__Exercise aim__. Pictures aside, reproduce exactly and only the lines from the one containing "Bonnet ludique inspiré" through the end of the records.

__Items from a dataset__.
'''

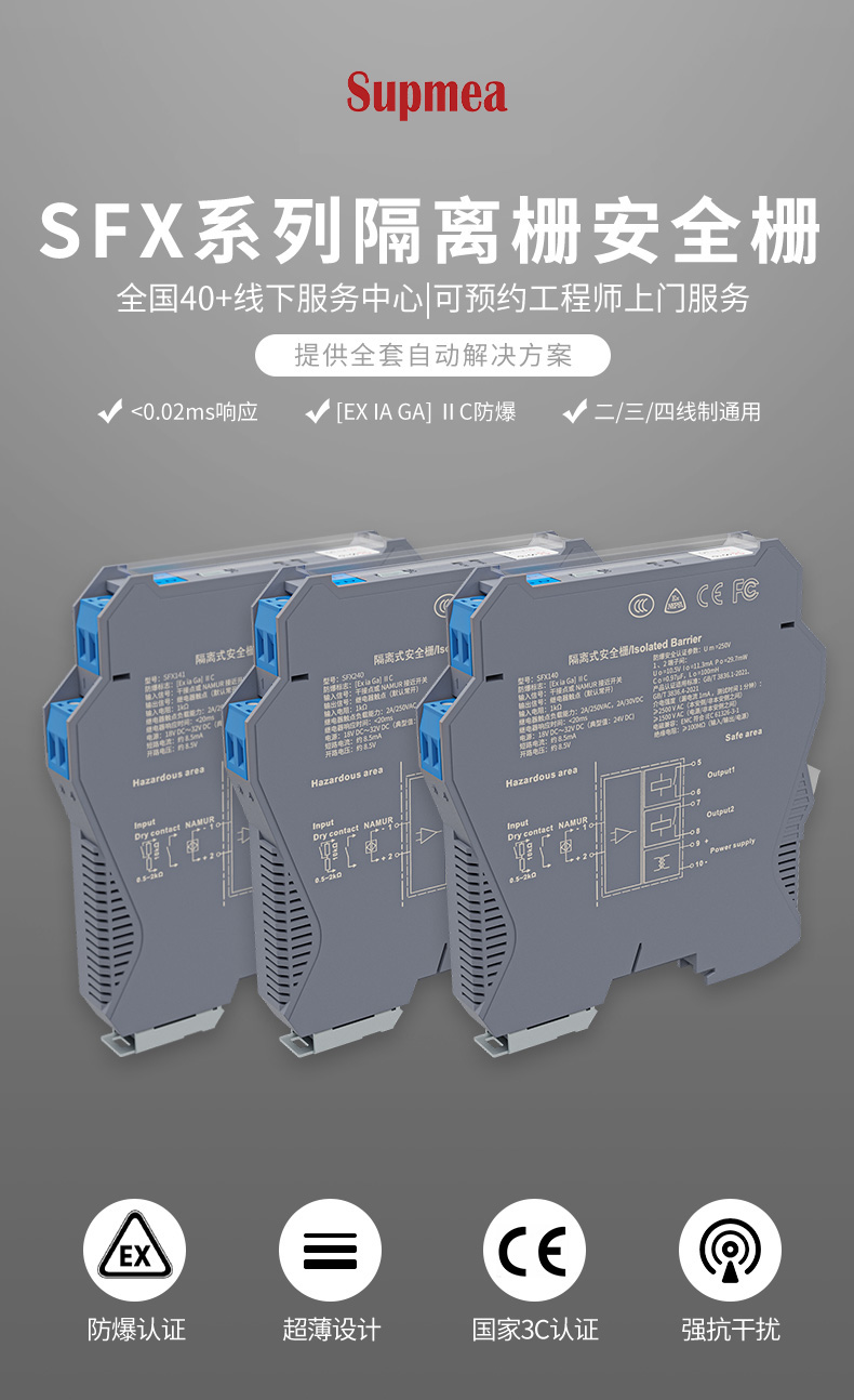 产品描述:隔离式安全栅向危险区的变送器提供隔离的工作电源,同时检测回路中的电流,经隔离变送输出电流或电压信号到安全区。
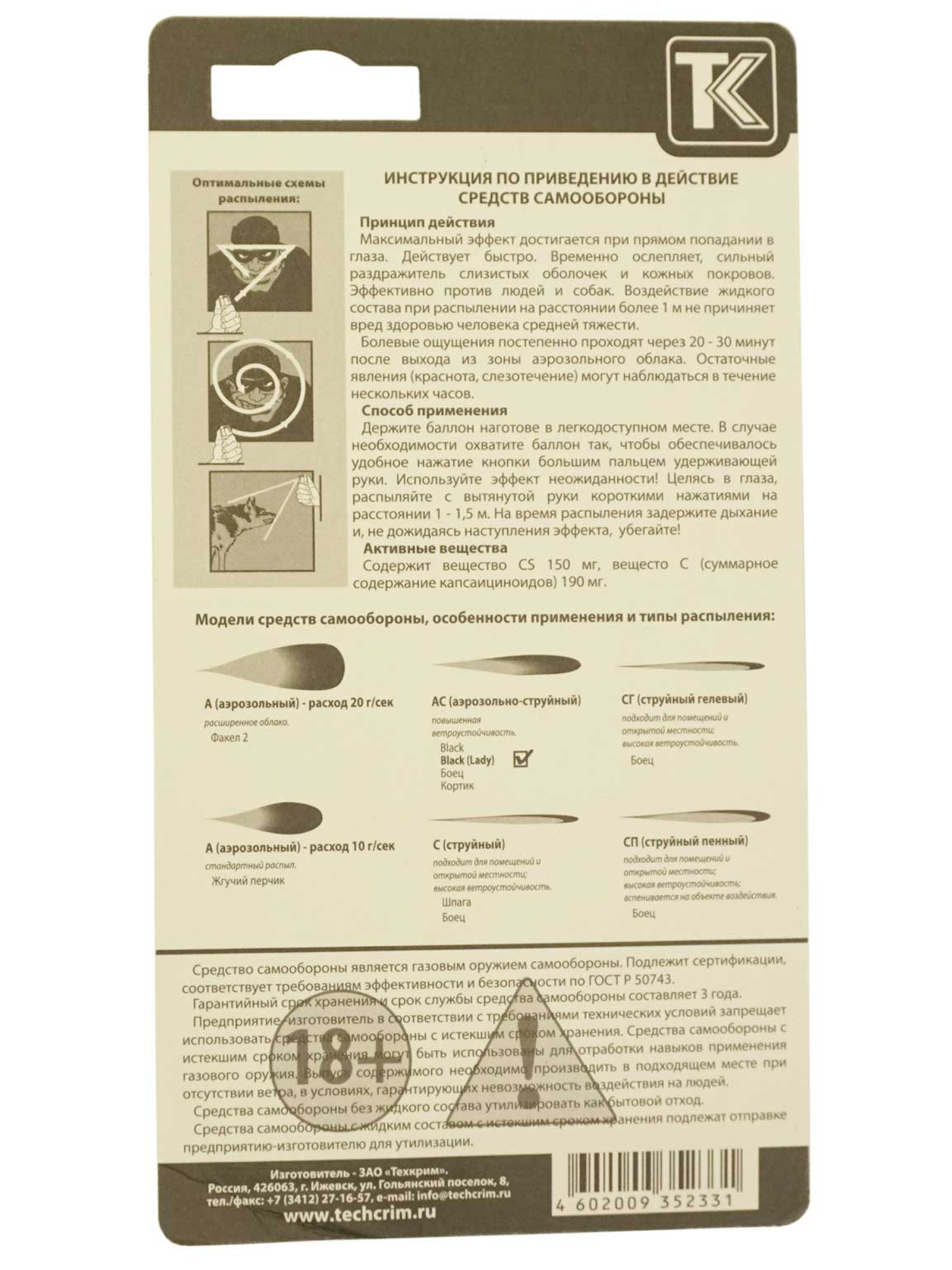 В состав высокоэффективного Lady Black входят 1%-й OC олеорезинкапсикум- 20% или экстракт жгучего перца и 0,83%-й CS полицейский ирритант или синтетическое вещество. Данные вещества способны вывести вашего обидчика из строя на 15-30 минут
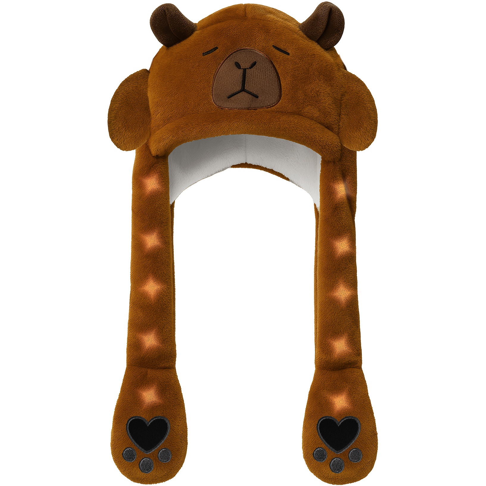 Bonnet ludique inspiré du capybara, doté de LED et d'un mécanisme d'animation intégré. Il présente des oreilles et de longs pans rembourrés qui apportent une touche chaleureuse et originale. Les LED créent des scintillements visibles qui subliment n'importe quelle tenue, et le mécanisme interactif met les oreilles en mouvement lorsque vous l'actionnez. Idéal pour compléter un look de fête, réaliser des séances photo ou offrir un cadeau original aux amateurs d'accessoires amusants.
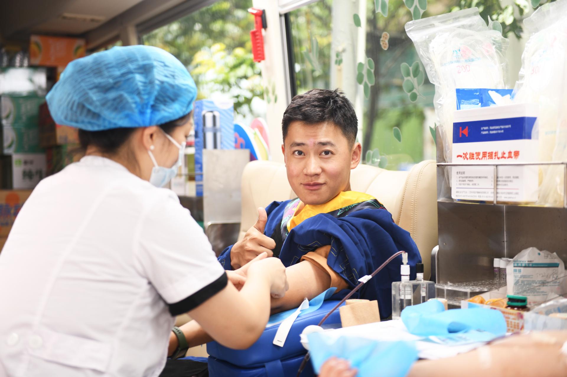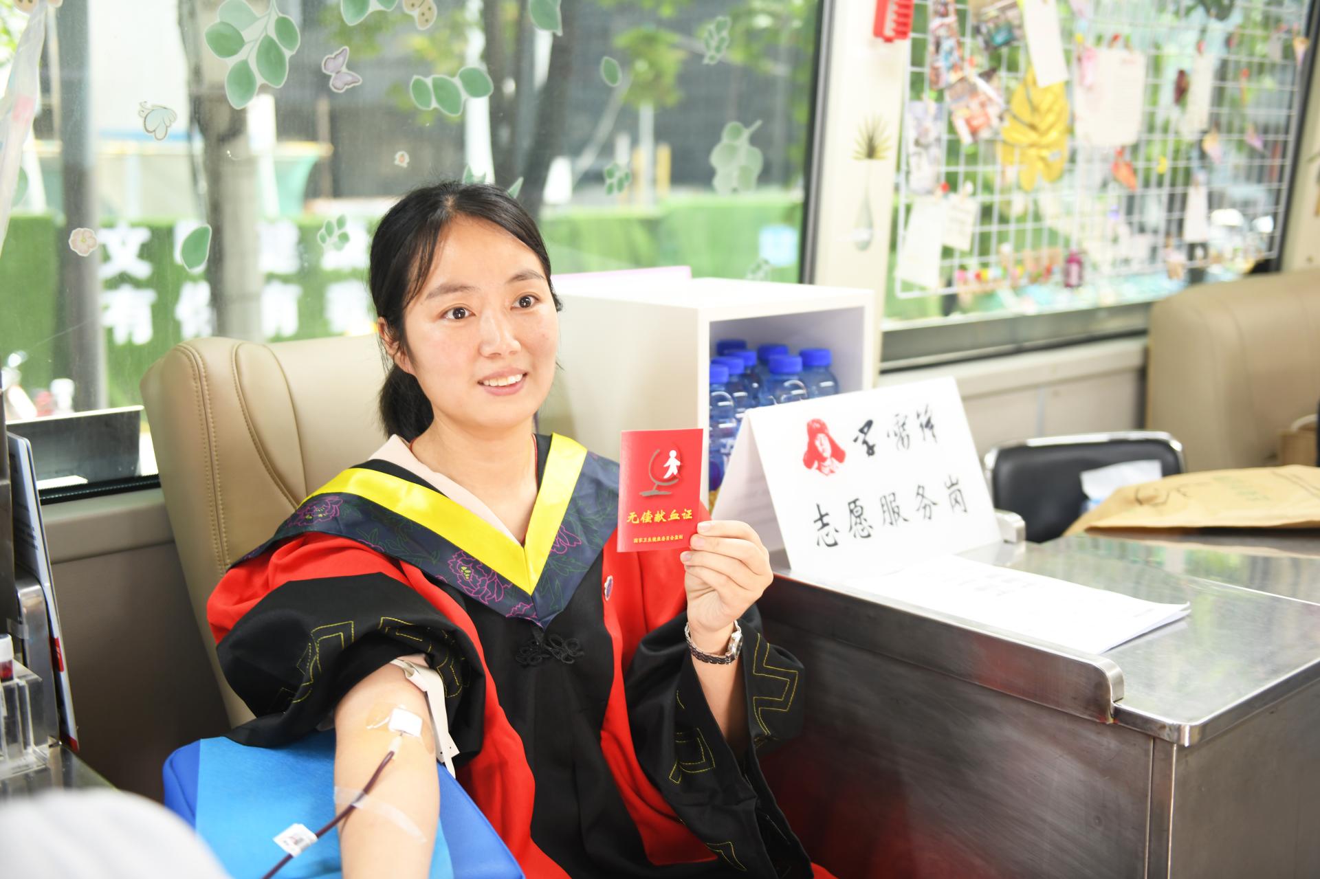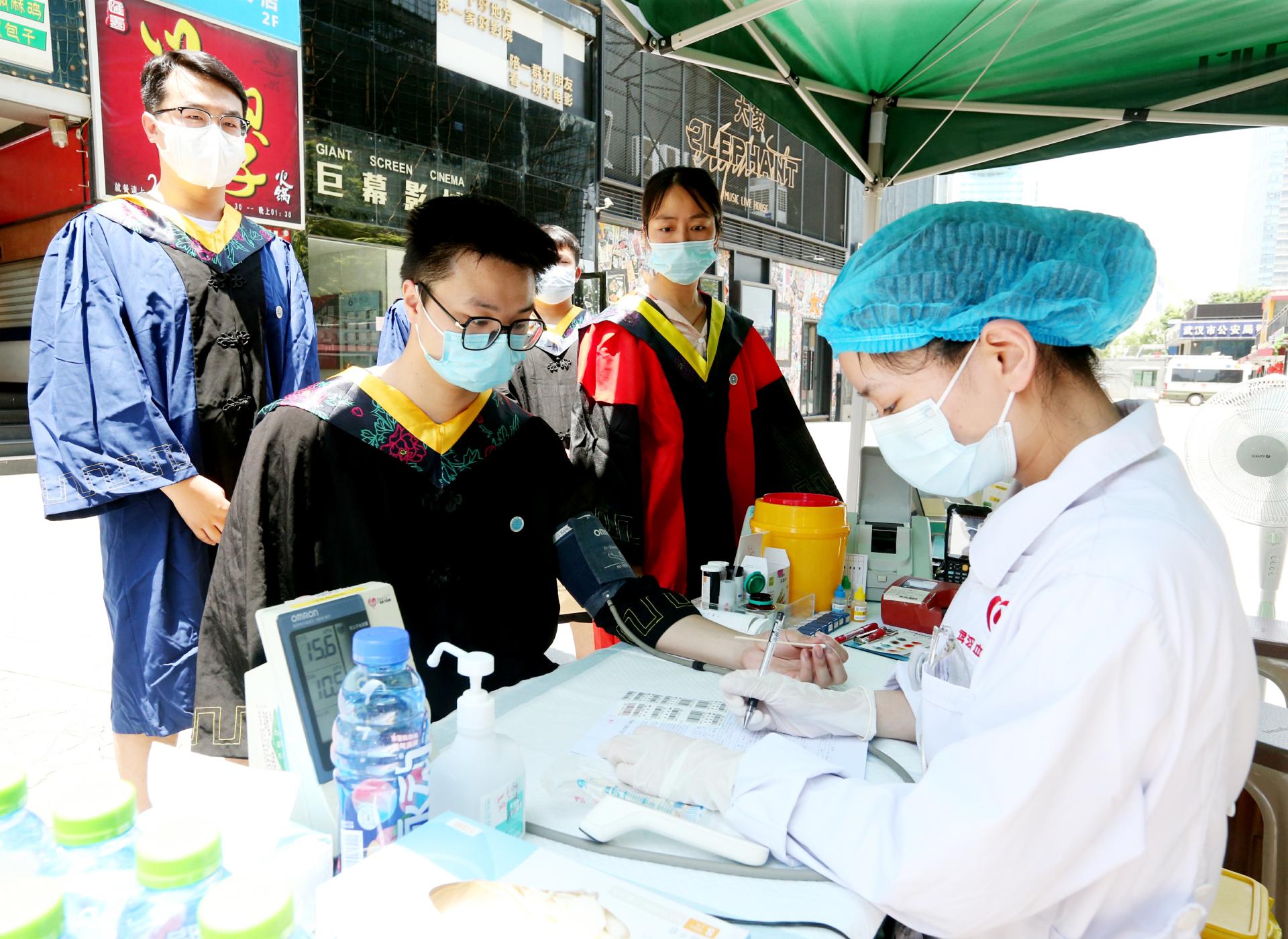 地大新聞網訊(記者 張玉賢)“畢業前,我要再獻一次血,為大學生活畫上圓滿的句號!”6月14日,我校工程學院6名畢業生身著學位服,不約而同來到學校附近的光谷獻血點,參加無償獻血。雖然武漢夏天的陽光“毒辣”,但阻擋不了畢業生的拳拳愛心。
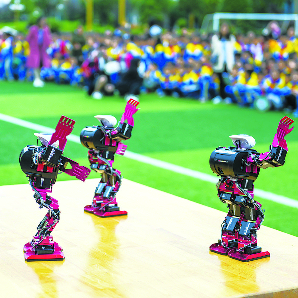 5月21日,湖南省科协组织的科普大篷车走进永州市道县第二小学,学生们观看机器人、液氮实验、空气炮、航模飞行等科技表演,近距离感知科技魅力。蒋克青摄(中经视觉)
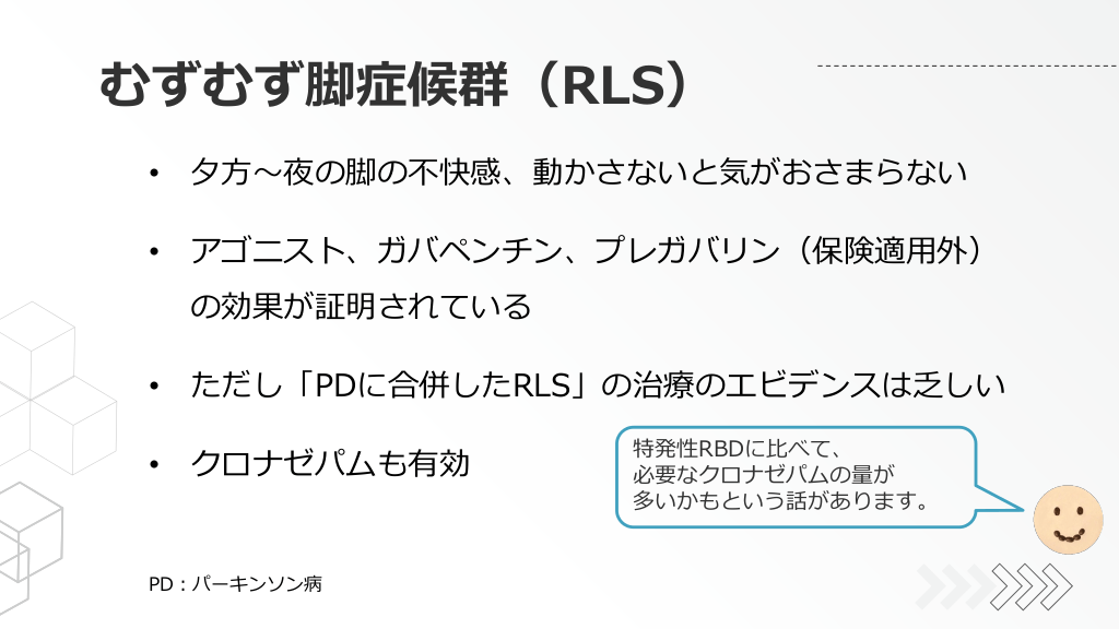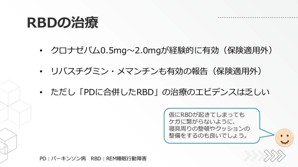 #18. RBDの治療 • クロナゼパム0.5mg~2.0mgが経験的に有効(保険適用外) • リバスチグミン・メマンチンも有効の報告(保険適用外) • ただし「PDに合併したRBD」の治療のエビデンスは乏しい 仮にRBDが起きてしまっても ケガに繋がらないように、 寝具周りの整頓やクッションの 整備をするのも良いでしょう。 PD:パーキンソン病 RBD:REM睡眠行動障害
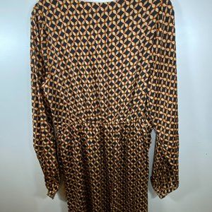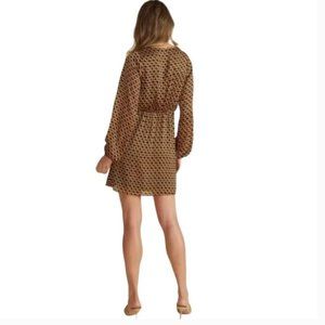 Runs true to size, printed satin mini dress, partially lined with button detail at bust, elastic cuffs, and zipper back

'''

__Exercise output__.
 Bonnet ludique inspiré du capybara, doté de LED et d'un mécanisme d'animation intégré. Il présente des oreilles et de longs pans rembourrés qui apportent une touche chaleureuse et originale. Les LED créent des scintillements visibles qui subliment n'importe quelle tenue, et le mécanisme interactif met les oreilles en mouvement lorsque vous l'actionnez. Idéal pour compléter un look de fête, réaliser des séances photo ou offrir un cadeau original aux amateurs d'accessoires amusants.
 地大新聞網訊(記者 張玉賢)“畢業前,我要再獻一次血,為大學生活畫上圓滿的句號!”6月14日,我校工程學院6名畢業生身著學位服,不約而同來到學校附近的光谷獻血點,參加無償獻血。雖然武漢夏天的陽光“毒辣”,但阻擋不了畢業生的拳拳愛心。
 5月21日,湖南省科协组织的科普大篷车走进永州市道县第二小学,学生们观看机器人、液氮实验、空气炮、航模飞行等科技表演,近距离感知科技魅力。蒋克青摄(中经视觉)
 #18. RBDの治療 • クロナゼパム0.5mg~2.0mgが経験的に有効(保険適用外) • リバスチグミン・メマンチンも有効の報告(保険適用外) • ただし「PDに合併したRBD」の治療のエビデンスは乏しい 仮にRBDが起きてしまっても ケガに繋がらないように、 寝具周りの整頓やクッションの 整備をするのも良いでしょう。 PD:パーキンソン病 RBD:REM睡眠行動障害
 Runs true to size, printed satin mini dress, partially lined with button detail at bust, elastic cuffs, and zipper back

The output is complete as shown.